→ Input data:
------

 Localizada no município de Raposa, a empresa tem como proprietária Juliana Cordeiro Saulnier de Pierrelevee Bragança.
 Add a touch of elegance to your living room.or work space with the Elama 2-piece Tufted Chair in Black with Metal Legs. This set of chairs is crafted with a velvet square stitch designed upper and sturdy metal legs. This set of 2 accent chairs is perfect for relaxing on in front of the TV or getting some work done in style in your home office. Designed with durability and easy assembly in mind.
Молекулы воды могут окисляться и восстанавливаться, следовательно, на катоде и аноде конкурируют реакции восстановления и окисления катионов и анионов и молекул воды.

------

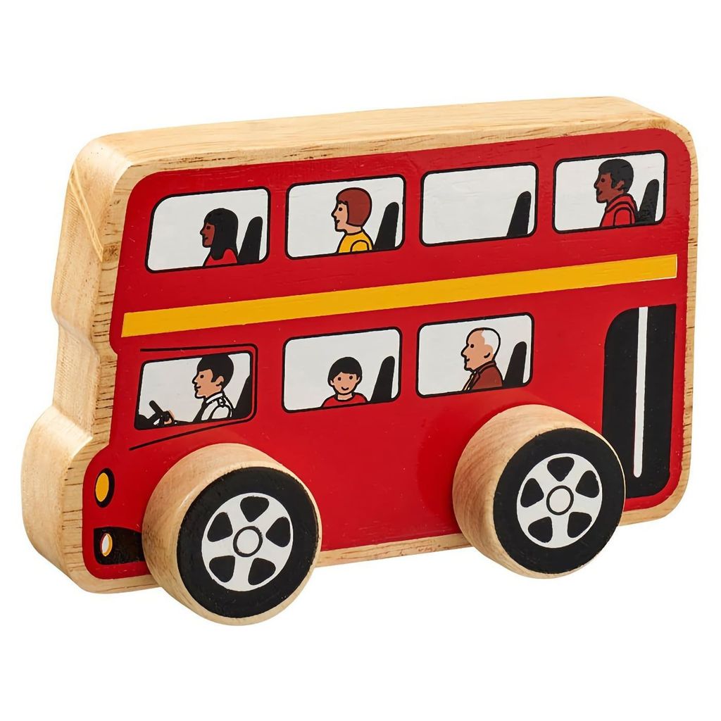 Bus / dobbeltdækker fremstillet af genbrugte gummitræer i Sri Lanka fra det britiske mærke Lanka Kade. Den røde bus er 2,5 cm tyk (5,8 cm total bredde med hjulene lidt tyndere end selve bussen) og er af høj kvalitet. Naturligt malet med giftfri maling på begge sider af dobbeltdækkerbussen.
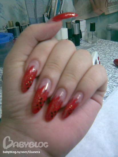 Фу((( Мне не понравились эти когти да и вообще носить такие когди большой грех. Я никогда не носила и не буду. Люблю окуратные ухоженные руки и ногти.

------

→ Work order: Using the listing above, copy exactly the line that contains "Localizada no município", the line that contains "Молекулы воды могут", and each line that falls between them.

→ Response below:
 Localizada no município de Raposa, a empresa tem como proprietária Juliana Cordeiro Saulnier de Pierrelevee Bragança.
 Add a touch of elegance to your living room.or work space with the Elama 2-piece Tufted Chair in Black with Metal Legs. This set of chairs is crafted with a velvet square stitch designed upper and sturdy metal legs. This set of 2 accent chairs is perfect for relaxing on in front of the TV or getting some work done in style in your home office. Designed with durability and easy assembly in mind.
Молекулы воды могут окисляться и восстанавливаться, следовательно, на катоде и аноде конкурируют реакции восстановления и окисления катионов и анионов и молекул воды.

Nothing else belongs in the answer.